Любы дома не было. У тети Веры сидел тугощекий сержант с пышными обкуренными усами. Взгляд его голубых глаз был странен. Он вроде бы и смотрел, и не смотрел на меня. Он, казалось, глядел куда-то сквозь меня, дальше... От этого, как бы невидящего, взгляда во мне сразу возникло чувство неловкости и жгучее желание обернуться и увидеть, куда же он смотрит, хотя я и догадывался, что н и к у д а.
Тетя Вера небрежно смахнула с плеча его руку...
- Заходи, Мартын. Нету твоей Шалупейки...
Она перехватила мой взгляд, вцепившийся в стол: початая буханка, крупно нарезанное сало, зеленая солдатская фляга, на ней что-то выцарапано...
Прижав буханку к груди, тетя Вера отрезала толстый ломоть, накрыла салом, подала. Я и слова сказать не успел.
- Вот! - Она кивнула сержанту. - Гляди, Любкин ухажер! Как, ничего?..
Я хотел уйти, но хлеб... Хлеб как-то связывал.
Сержант смотрел на меня в упор и не видел. Тут-то я и понял, что он пьян.
- Уберись! - Тетя Вера вновь смахнула его руку, теперь уже с раздражением. Увидев, что я подался к двери, крикнула: - Стой! Иди сюда!
Я решил, она еще что-то хочет мне дать, и обрадовался, но подумал: "Спасибо - и айда..."
- Иди-иди, не бойся... На-ка, почитай вслух. - Она протянула мне тетрадочный листок, исписанный химическим карандашом, листок со следами сгибов по диагонали, так что сразу можно догадаться: солдатский треугольник.
Машинально я взял его в руки. Пальцы мои почувствовали шероховатость заношенной бумаги, ее непрочность на сгибах, размочаленные края.
- Осторожно ты! - крикнула тетя Вера. Лицо ее стало красным и злым. "Так не уйти, - понял я, - придется читать".
- Да положь ты хлеб! - снова крикнула она. - Не украдут ведь! Садись.

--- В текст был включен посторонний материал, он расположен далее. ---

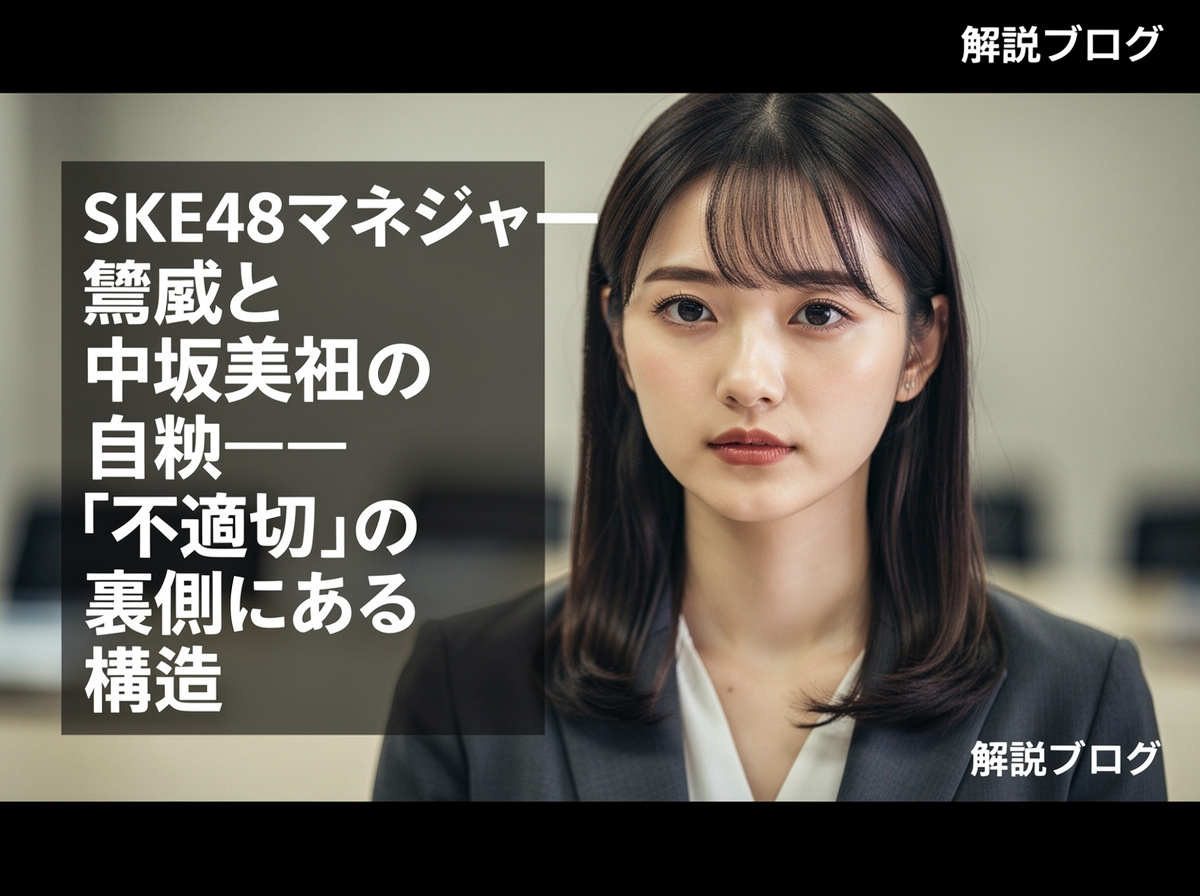 SKE48・中坂美祐の「活動自粛」と、担当マネジャーの「懲戒処分」。 公式文書には「業務の範疇を超える連絡」「不適切と受け取られかねないやり取り・行動」、そして「信頼を著しく損ねる事態」というフレーズが並ぶ。 ただ、事実列挙だけでは、ファンのざわつきも、SNSの分断も、あまり説明できない。 この出来事を「一人のタレントと一人のマネジャーの問題」としてではなく、「構造の物語」として見直してみたい。

- Я так... - произнес я едва слышно, одними губами. Полусонный сержант бормотал что-то и снова потянул руку через стол. Тетя Вера отодвинулась от него вместе со стулом.
- Читай! Да громче, чтоб э т о т слышал!..
Я вглядывался в синие буквы. Они были хорошо различимы там, где карандаш только что помусолили. Но с каждым нажимом становились все слабей и слабей, пока снова не уярчались до синевы. Почерк был детский, неровный, каждая буква стояла отдельно и криво по отношению к соседней. Детский силуэт букв и смысл, который за ними открывался, были несовместимы, и в этом таилась для меня печальная загадка.
- "Родная моя Веруня", - начал я и не узнал своего голоса: он был глухой и вялый. Я невольно проглатывал концы слов...
- Может, горлышко промочить?..
Я испугался и взмок сразу. Письмо набухало в моих потных ладонях. Я старался придать голосу твердости.
- "...Веруня, пишу тебе в перерыв между боями. С каждым днем тут все жарче. Ребята у нас боевые, полны решимости любой ценой остановить вероломного врага. Сейчас короткое затишье, даже жаворонка слыхать. Веруня! Я слушаю жаворонка и вспоминаю, как у бабки Вари жили. Поле, стог... Помнишь? Тогда тоже жаворонки пели. Эх, да что там! Смотри смело вперед, после войны наслушаемся досыта! Веруня, ты не подумай плохого..."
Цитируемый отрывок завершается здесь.